## TO DO
From the records below, please print only the lines from the one containing "由此可见,核桃编程在新老用户" through the one containing "Жіночі черевики у", both included. Skip the pictures.
-- EXERCISE MATERIAL follows --
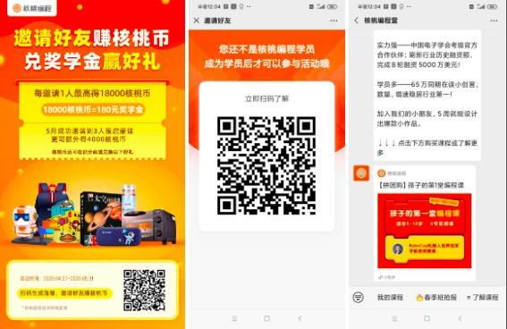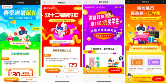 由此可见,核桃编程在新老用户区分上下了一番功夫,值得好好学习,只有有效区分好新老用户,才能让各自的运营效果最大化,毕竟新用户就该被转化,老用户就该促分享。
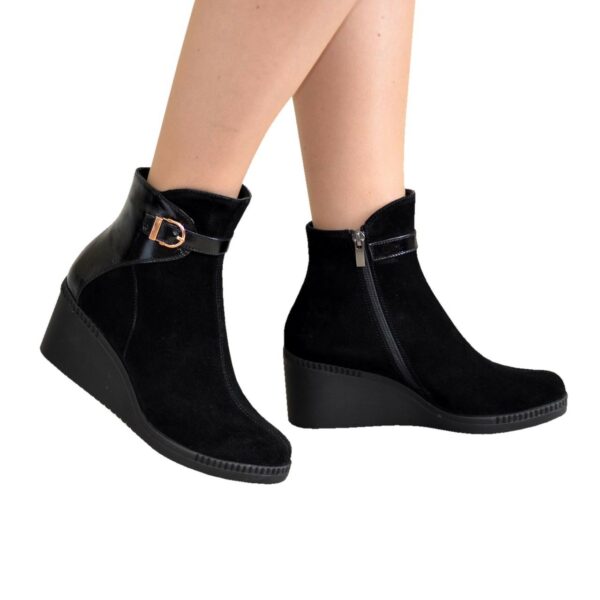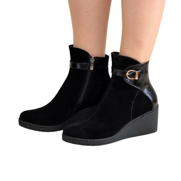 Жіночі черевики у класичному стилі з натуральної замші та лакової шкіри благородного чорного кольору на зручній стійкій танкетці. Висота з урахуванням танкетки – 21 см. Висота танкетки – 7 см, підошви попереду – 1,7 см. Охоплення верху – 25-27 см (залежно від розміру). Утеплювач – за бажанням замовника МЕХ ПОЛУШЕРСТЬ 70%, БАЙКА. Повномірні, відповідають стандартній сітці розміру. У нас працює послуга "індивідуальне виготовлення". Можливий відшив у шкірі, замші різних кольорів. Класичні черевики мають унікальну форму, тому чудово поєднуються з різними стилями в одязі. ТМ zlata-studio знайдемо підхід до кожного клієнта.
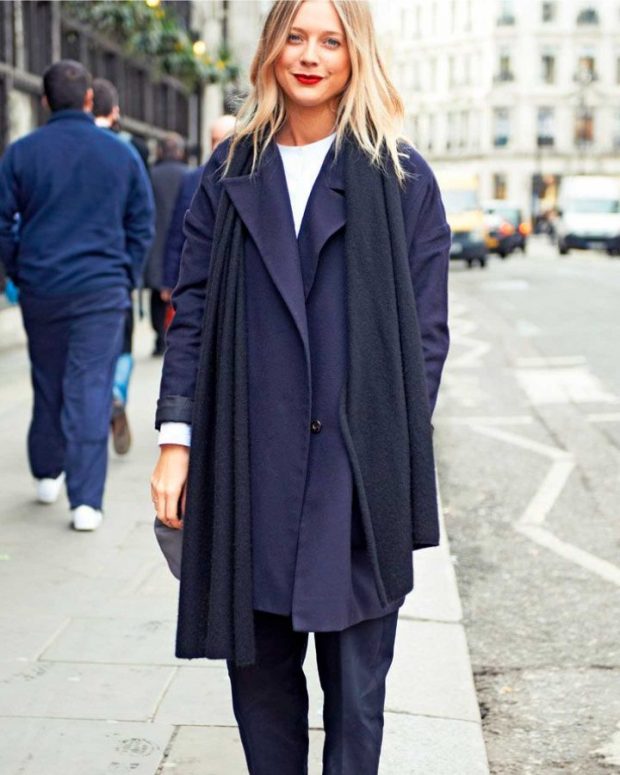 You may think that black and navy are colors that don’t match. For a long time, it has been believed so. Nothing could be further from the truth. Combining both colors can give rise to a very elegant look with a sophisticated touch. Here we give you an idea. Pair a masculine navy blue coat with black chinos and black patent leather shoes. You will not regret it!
-- EXERCISE MATERIAL concluded --
-- EXERCISE MATERIAL follows --
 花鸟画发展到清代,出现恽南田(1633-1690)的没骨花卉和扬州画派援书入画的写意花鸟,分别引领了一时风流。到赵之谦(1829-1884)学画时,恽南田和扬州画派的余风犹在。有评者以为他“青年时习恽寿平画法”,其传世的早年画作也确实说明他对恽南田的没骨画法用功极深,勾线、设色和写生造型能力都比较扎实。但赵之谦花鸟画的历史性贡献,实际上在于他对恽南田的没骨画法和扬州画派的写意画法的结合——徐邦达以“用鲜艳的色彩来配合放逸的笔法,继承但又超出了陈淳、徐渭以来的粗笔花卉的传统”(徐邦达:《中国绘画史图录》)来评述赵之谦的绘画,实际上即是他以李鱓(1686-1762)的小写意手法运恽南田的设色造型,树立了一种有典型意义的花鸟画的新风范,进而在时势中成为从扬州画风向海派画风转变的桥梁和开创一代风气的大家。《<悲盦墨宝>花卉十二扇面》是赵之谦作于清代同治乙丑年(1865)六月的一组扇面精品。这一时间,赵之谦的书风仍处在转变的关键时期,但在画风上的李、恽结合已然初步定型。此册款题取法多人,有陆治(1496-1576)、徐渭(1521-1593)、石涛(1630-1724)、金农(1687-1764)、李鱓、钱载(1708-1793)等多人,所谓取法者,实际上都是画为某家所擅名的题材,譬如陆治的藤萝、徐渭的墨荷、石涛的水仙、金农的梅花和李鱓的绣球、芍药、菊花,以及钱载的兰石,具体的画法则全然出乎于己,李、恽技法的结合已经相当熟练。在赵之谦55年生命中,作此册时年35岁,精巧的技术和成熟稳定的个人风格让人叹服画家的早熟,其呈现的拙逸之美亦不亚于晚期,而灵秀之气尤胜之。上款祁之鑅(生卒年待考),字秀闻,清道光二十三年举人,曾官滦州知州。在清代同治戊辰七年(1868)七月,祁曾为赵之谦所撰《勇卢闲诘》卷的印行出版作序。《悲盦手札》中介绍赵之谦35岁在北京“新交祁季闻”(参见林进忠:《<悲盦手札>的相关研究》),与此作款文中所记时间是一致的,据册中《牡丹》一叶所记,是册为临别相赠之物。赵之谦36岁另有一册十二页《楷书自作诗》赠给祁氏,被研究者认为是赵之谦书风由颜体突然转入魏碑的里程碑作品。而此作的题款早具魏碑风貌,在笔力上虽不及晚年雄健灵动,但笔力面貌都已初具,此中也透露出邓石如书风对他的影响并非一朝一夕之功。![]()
-- EXERCISE MATERIAL concluded --
-- EXERCISE MATERIAL follows --
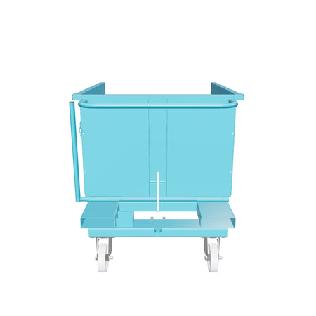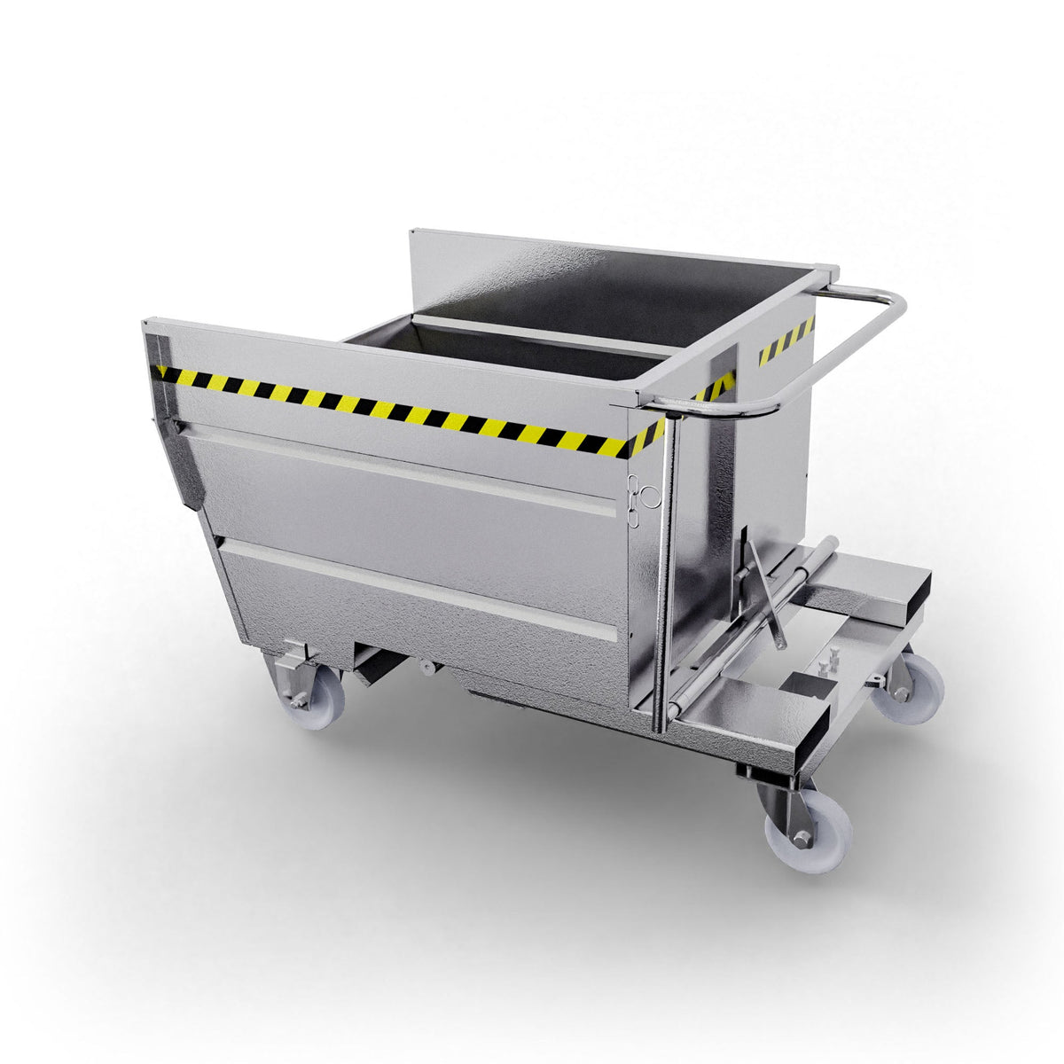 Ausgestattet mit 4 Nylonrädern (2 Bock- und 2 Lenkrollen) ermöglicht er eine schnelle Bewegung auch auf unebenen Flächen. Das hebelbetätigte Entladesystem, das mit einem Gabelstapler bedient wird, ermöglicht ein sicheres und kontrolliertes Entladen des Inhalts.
-- EXERCISE MATERIAL concluded --
## RESULT OF THIS TASK
 由此可见,核桃编程在新老用户区分上下了一番功夫,值得好好学习,只有有效区分好新老用户,才能让各自的运营效果最大化,毕竟新用户就该被转化,老用户就该促分享。
 Жіночі черевики у класичному стилі з натуральної замші та лакової шкіри благородного чорного кольору на зручній стійкій танкетці. Висота з урахуванням танкетки – 21 см. Висота танкетки – 7 см, підошви попереду – 1,7 см. Охоплення верху – 25-27 см (залежно від розміру). Утеплювач – за бажанням замовника МЕХ ПОЛУШЕРСТЬ 70%, БАЙКА. Повномірні, відповідають стандартній сітці розміру. У нас працює послуга "індивідуальне виготовлення". Можливий відшив у шкірі, замші різних кольорів. Класичні черевики мають унікальну форму, тому чудово поєднуються з різними стилями в одязі. ТМ zlata-studio знайдемо підхід до кожного клієнта.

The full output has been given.